Our school refused to follow educational psychologists advice. When we objected, the principal was adamant that we should withdraw them from the school, i.e. they were off-rolled. After years of advocating for our child within the system, the system was not meeting their needs in any way. We withdrew them to homeschool. We were able to meet their needs at home in ways that the school both couldn't and wouldn't.

The current system fails particular groups of children especially badly, e.g. those with G&T, SEN, DME or neurodiversity. These children often do better in home education than in a system designed around and for the median. Measures which would work for many such children such as flexi-schooling and placement out of chronological year group are entirely at the discretion of the school principal, and are usually refused by principals who are inadequately trained.

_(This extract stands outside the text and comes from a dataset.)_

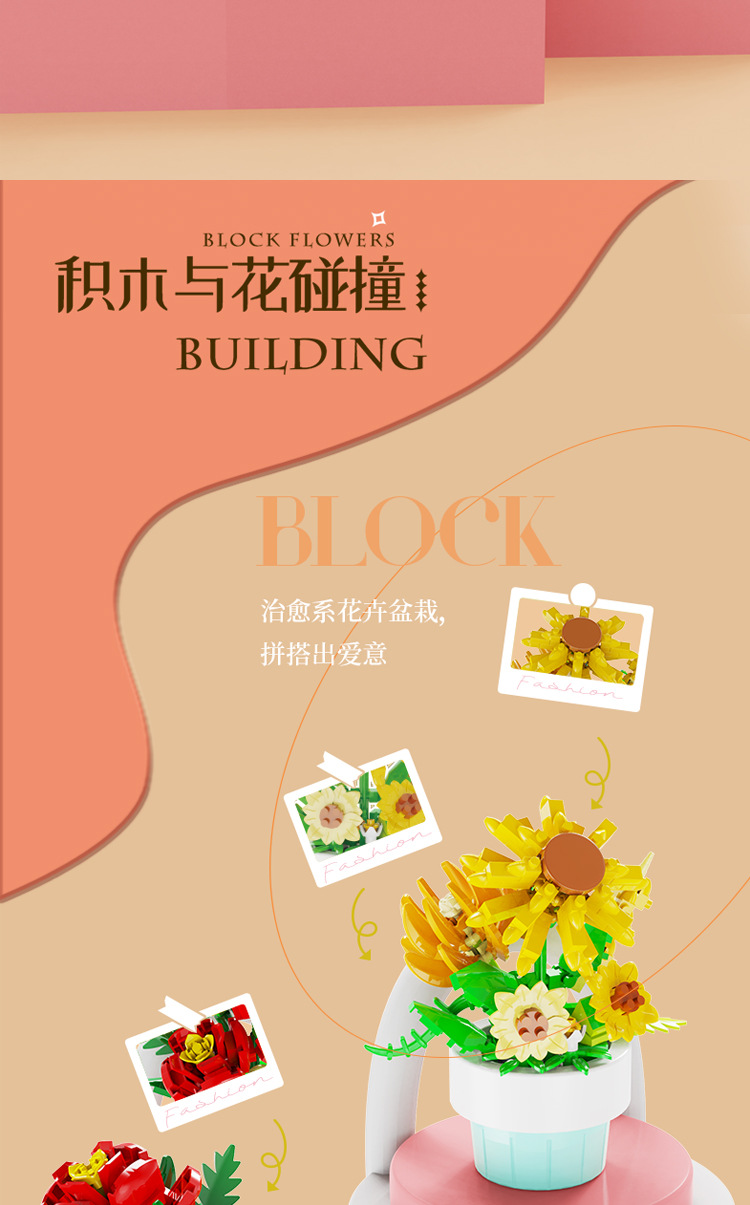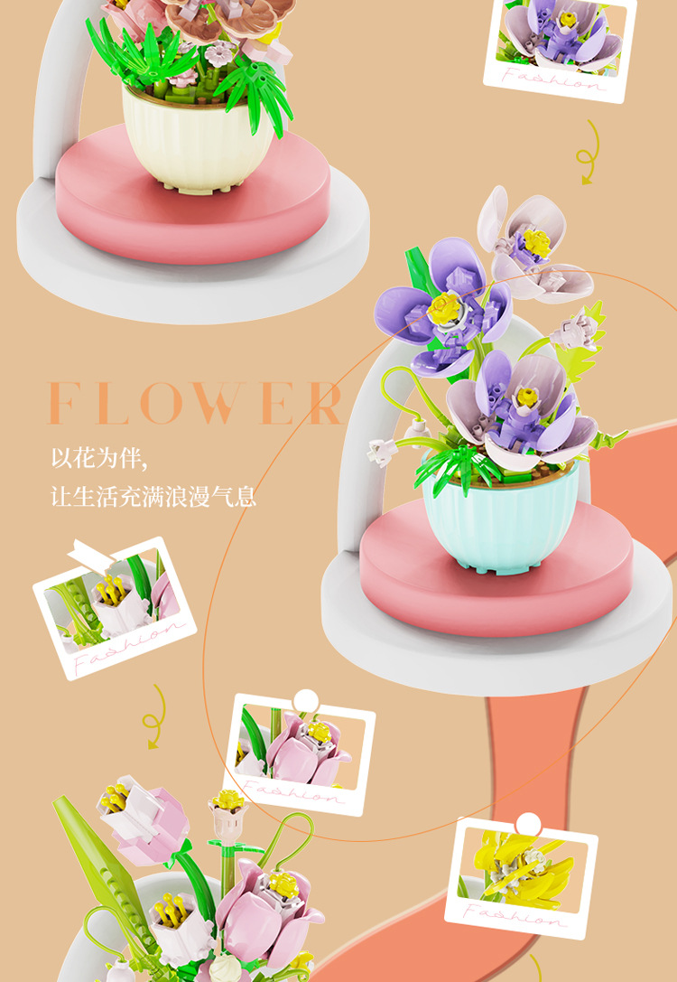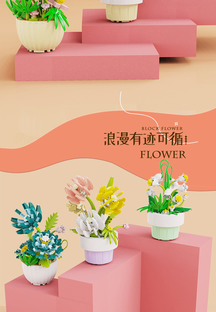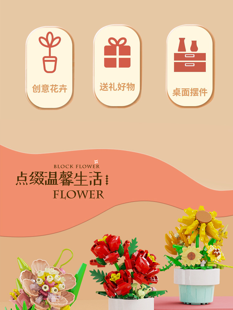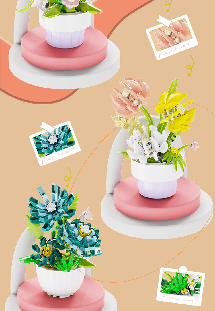 [도매 세대] 화분에 심은 빌딩 블록 조립 마이크로 입자 장난감 다육 영원한 꽃 크리스마스 호환 레고 장식품스토어 가기
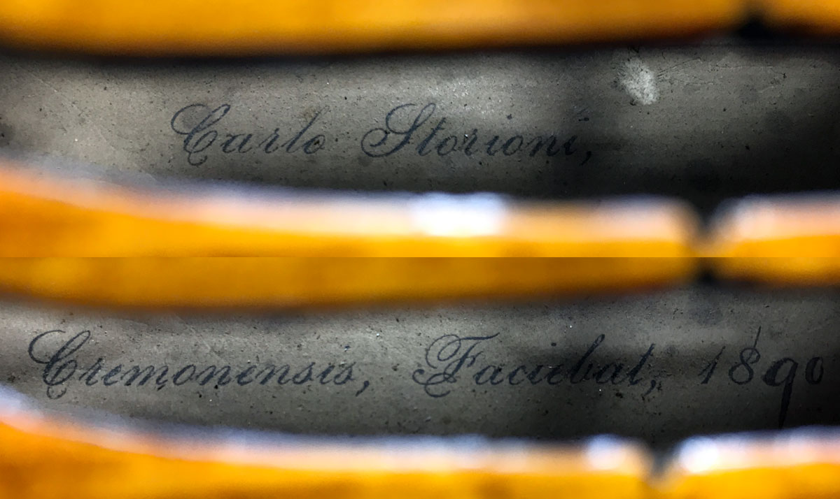 This violin is labelled as Carlo Storioni (see photo), made in 1890. This particular label, with its simple copperplate font and handwritten date, is specifically associated with a studio in Markneukirchen, Germany and it can be said confidently that this instrument has nothing to do with the Carlo Storioni who worked in Cremona in the first decade of the 19th century. This fact is confirmed by William Henley in his book in his famous reference book.

In 4 years of home education we didn't have a single check from the LA on provision, progress or welfare. I spent the first two years relieved that they were leaving us alone and not interfering. But I spent the next two becoming increasingly incredulous and angry that nobody cared even to check if our child was still alive, let alone receiving education. We also had problems accessing the basic healthcare such as vaccinations that are normally rolled out through schools. Some institutions were also extremely unhelpful in making educational resources normally available to schools available to homeschoolers (e.g. UKMT made it clear they couldn't give a monkeys). Despite this our period of home-schooling was outstandingly successful and our child started attending a leading university before turning 18 (though the local authority can't possibly know that), where their needs have been met better than they ever were at school.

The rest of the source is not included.